Thread Tools Search this Thread
Top Forums Shell Programming and Scripting Find and modify a huge file
# 1  
Old 04-13-2017
Find and modify a huge file

Dear Forum,

I have a rather large file with a few million lines looking like this:

Code:
head -n 5 seq.txt
>KF1.8.1
010011001011100010101110000000
>DF1.6.1
0101000010111010101011111100
>XC1.3.7
010110101011101010110000011
>GG5.1.1
0100011010111010101110001101
>HK1.2.2
010000111011101101001110001010
0101011

In this file the lines can be split into different records with a name (starting with >) and the encoded information/sequence (001010...) associated with the header.
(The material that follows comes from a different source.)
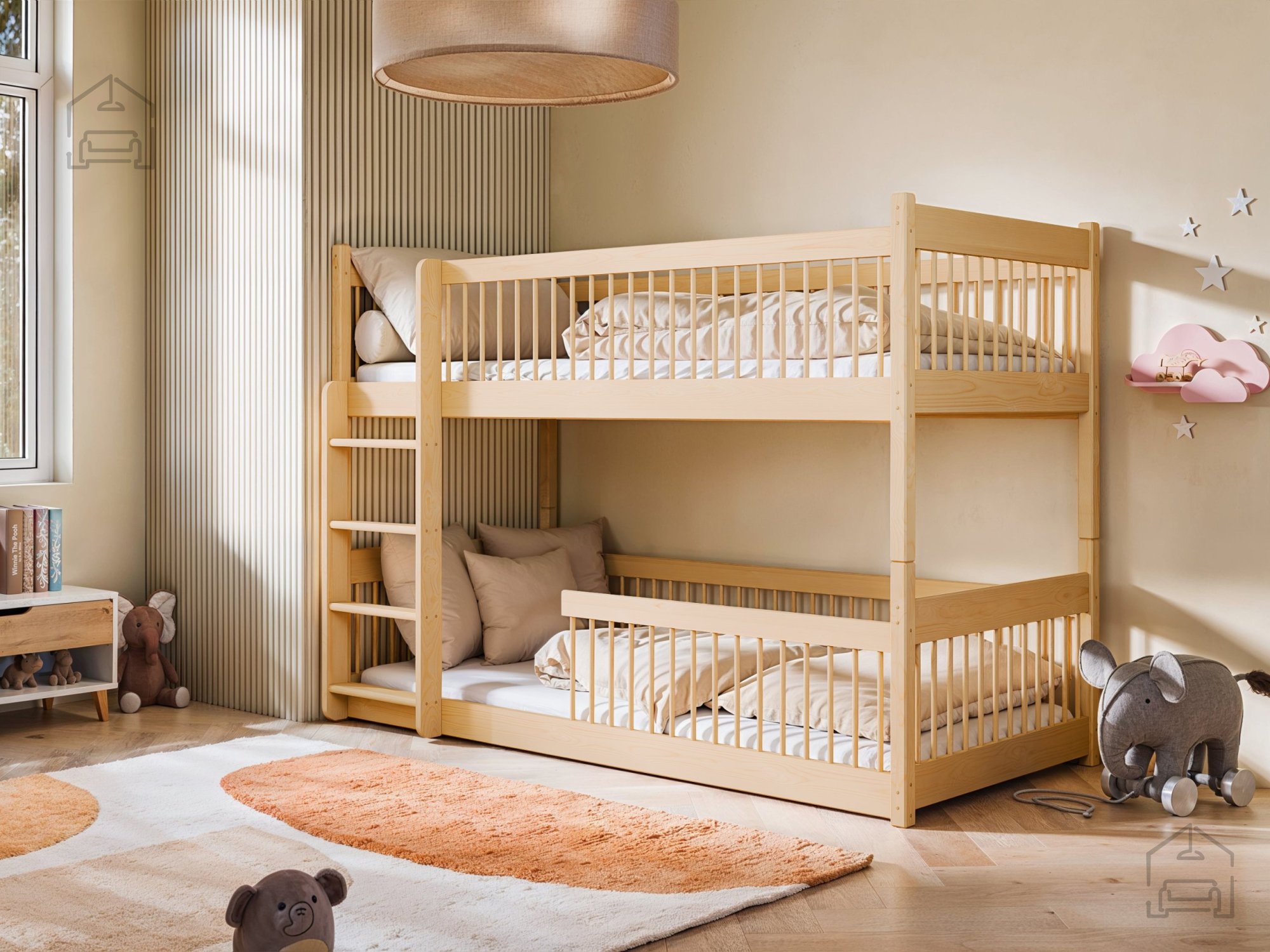 Das Etagenbett Boston - 80x180 cm - Kiefer ist nicht nur ein Möbelstück, sondern eine Investition in den Komfort und die Sicherheit Ihrer Kinder. Mit hochwertigen Materialien, durchdachtem Design und ästhetischer Attraktivität ist dieses Etagenbett eine hervorragende Wahl für jede Familie, die langlebige und qualitative Möbel wünscht. Verpassen Sie nicht die Gelegenheit, Ihrem Kinderzimmer ein funktionales und elegantes Element hinzuzufügen, das Ihrer Familie viele Jahre dienen wird. Wenn Sie ein Etagenbett suchen, das die besten Eigenschaften in einem Produkt vereint, ist das Etagenbett Boston die richtige Wahl für Sie. Seine Kombination aus Qualität, Sicherheit und Ästhetik wird all Ihre Bedürfnisse und Erwartungen erfüllen. Wählen Sie das Etagenbett Boston und schaffen Sie für Ihre Kinder einen komfortablen und sicheren Ort zum Schlafen und Spielen.

Now, I need to add some code to the header according to the following file:

Code:
head -n 5 code.txt
>KF1.8.1;code=D0:B;D1:P;D2:E;D3:C;D4:H;D5:S_(1);
>DF1.6.1;code=D0:B;D1:D;D2:F;D3:C;D4:F;D5:S_(1);
>XC1.3.7;code=D0:A;D1:D;D2:E;D3:C;D4:H;D5:H;
>GG5.1.1;code=D0:A;D1:D;D2:E;D3:C;D4:F;D5:H;
>HK1.2.2;code=D0:A;D1:F;D2:F;D3:C;D4:H;D5:K_[23];

The results should look like this:

Code:
head -n 11 res.txt
>KF1.8.1;code=D0:B;D1:P;D2:E;D3:C;D4:H;D5:S_(1);
010011001011100010101110000000
>DF1.6.1;code=D0:B;D1:D;D2:F;D3:C;D4:F;D5:S_(1);
0101000010111010101011111100
>XC1.3.7;code=D0:A;D1:D;D2:E;D3:C;D4:H;D5:H;
0100011010111010101110001101
>GG5.1.1;code=D0:A;D1:D;D2:E;D3:C;D4:F;D5:H;
0100011010111010101110001101
>HK1.2.2;code=D0:A;D1:F;D2:F;D3:C;D4:H;D5:K_[23];
010000111011101101001110001010
0101011

The two files (seq.txt, code.txt) are not sorted but the number of records are identical.
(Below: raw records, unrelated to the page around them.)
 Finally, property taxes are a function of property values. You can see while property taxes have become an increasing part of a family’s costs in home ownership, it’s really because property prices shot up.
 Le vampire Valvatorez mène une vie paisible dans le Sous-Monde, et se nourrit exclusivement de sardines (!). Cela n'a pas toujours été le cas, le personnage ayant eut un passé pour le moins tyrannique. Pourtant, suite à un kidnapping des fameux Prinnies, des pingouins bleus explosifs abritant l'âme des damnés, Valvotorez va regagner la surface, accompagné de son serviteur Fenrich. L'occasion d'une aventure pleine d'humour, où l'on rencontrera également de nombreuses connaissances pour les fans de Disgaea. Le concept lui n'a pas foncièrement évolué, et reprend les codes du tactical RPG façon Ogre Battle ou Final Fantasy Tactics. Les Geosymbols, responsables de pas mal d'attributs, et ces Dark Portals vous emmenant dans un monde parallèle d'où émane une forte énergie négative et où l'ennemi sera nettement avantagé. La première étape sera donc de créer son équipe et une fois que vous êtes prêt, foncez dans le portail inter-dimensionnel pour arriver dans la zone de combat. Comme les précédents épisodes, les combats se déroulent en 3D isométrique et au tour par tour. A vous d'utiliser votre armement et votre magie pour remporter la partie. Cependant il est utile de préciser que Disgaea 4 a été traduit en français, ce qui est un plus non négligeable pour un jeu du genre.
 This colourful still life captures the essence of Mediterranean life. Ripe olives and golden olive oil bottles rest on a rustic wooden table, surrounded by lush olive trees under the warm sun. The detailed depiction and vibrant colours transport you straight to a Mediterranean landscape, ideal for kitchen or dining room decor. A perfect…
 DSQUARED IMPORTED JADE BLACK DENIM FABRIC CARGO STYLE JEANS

I could use sed to change one record header at a time
Code:
sed 's/>KF1.8.1/>KF1.8.1;code=D0:B;D1:P;D2:E;D3:C;D4:H;D5:S_(1);/g' seq.txt

or maybe write it into a file an execute it

Code:
while read code
do
  record=`echo $code | cut -d';' -f 1`
  echo "sed 's/$record/$code/g' seq.txt" >> all.txt
done < code.txt

chmod a+x all.txt
./all.txt

but this might take some time. Does anybody have a faster and maybe more elegant way for me to modify the record headers?

Thanks for all your help!
# 2  
Old 04-13-2017
Yes, editing a huge file once as opposed to editing a huge file n times for n lines would certainly be preferable!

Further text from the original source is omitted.